** Collected data follows **
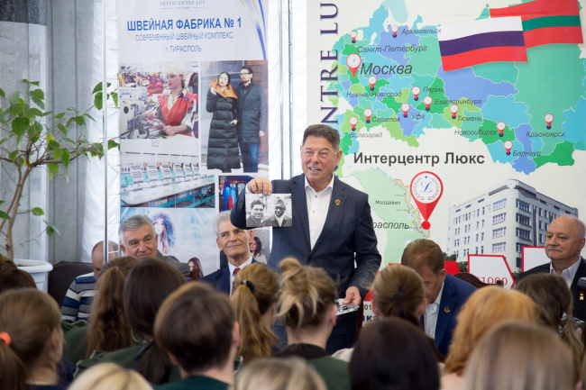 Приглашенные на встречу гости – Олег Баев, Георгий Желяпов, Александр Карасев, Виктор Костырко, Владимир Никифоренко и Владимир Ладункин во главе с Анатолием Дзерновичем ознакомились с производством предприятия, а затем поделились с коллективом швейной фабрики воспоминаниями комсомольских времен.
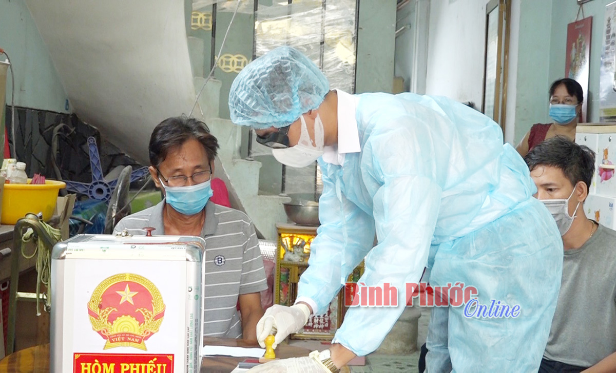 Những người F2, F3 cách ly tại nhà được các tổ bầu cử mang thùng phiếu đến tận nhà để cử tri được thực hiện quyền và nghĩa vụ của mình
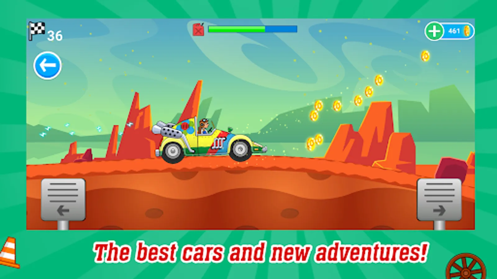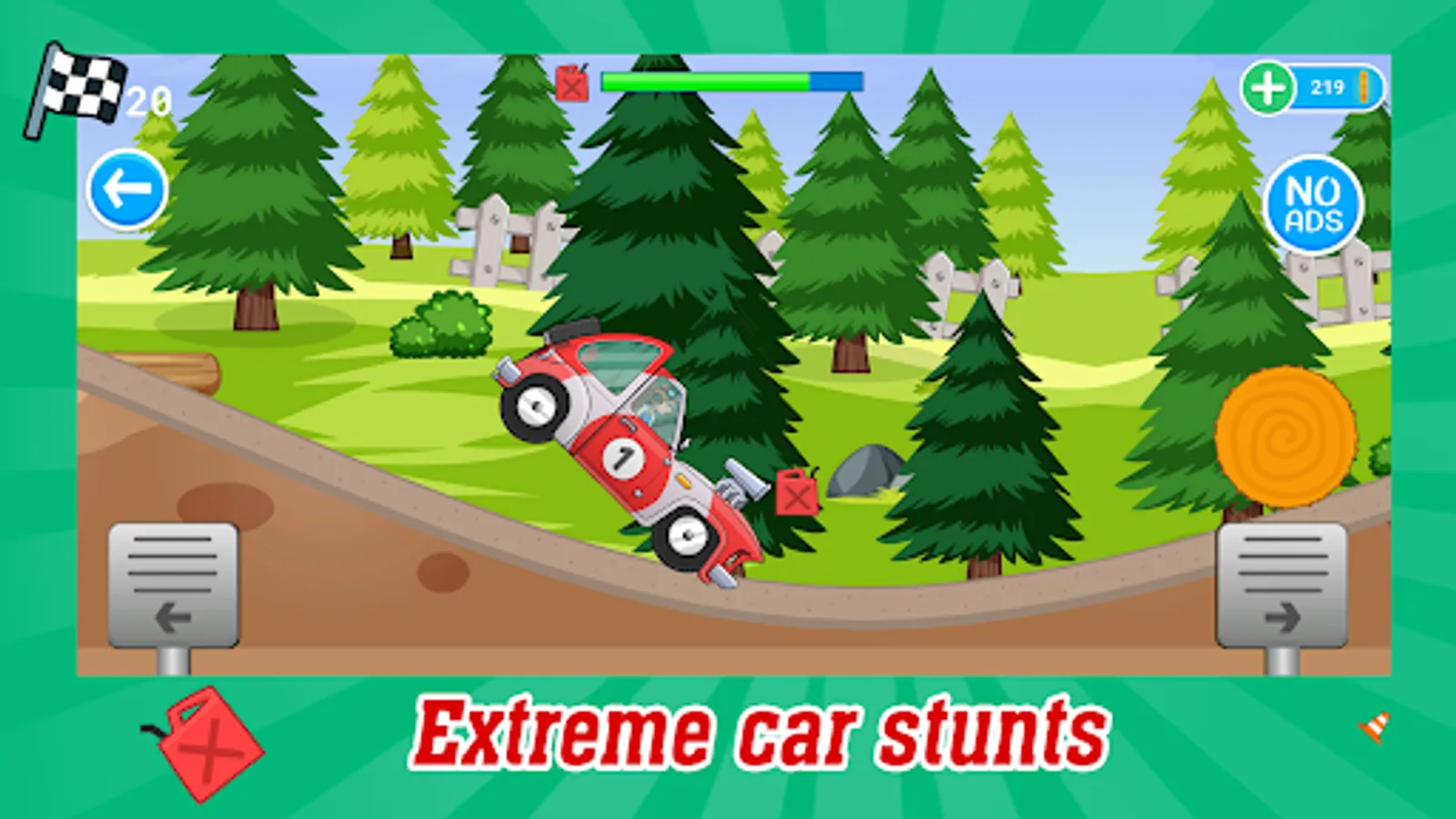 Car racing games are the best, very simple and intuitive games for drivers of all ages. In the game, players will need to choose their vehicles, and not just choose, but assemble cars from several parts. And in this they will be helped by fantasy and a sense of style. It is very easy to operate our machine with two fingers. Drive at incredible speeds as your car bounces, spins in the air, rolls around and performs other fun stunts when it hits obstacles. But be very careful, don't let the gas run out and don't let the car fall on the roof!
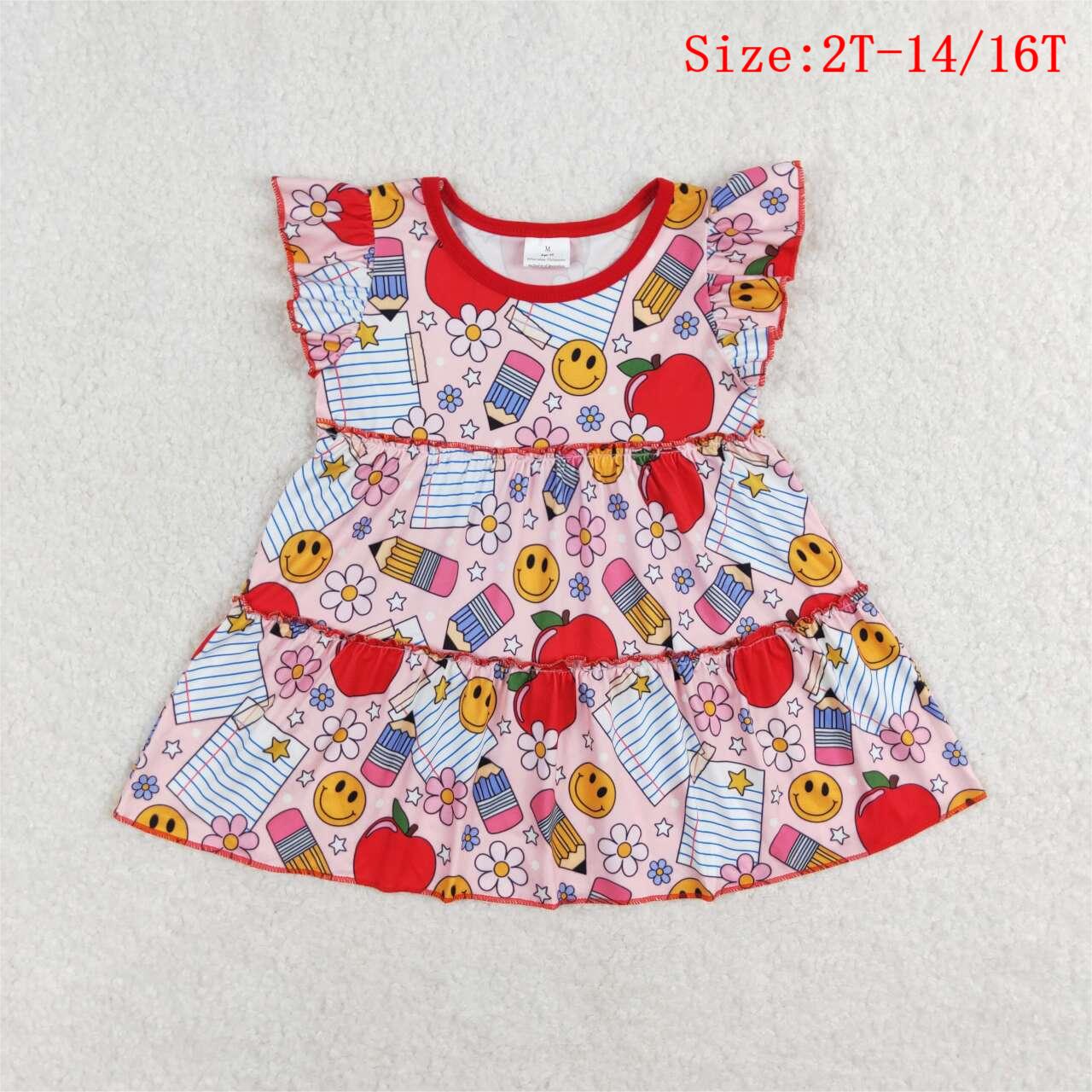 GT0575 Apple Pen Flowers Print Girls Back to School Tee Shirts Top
** End of Collected data **
Problem to work on: Find the line that contains "Những người F2, F3" and repeat it, along with every line after it to the end of the data, exactly; drop the pictures.

Expected answer:
 Những người F2, F3 cách ly tại nhà được các tổ bầu cử mang thùng phiếu đến tận nhà để cử tri được thực hiện quyền và nghĩa vụ của mình
 Car racing games are the best, very simple and intuitive games for drivers of all ages. In the game, players will need to choose their vehicles, and not just choose, but assemble cars from several parts. And in this they will be helped by fantasy and a sense of style. It is very easy to operate our machine with two fingers. Drive at incredible speeds as your car bounces, spins in the air, rolls around and performs other fun stunts when it hits obstacles. But be very careful, don't let the gas run out and don't let the car fall on the roof!
 GT0575 Apple Pen Flowers Print Girls Back to School Tee Shirts Top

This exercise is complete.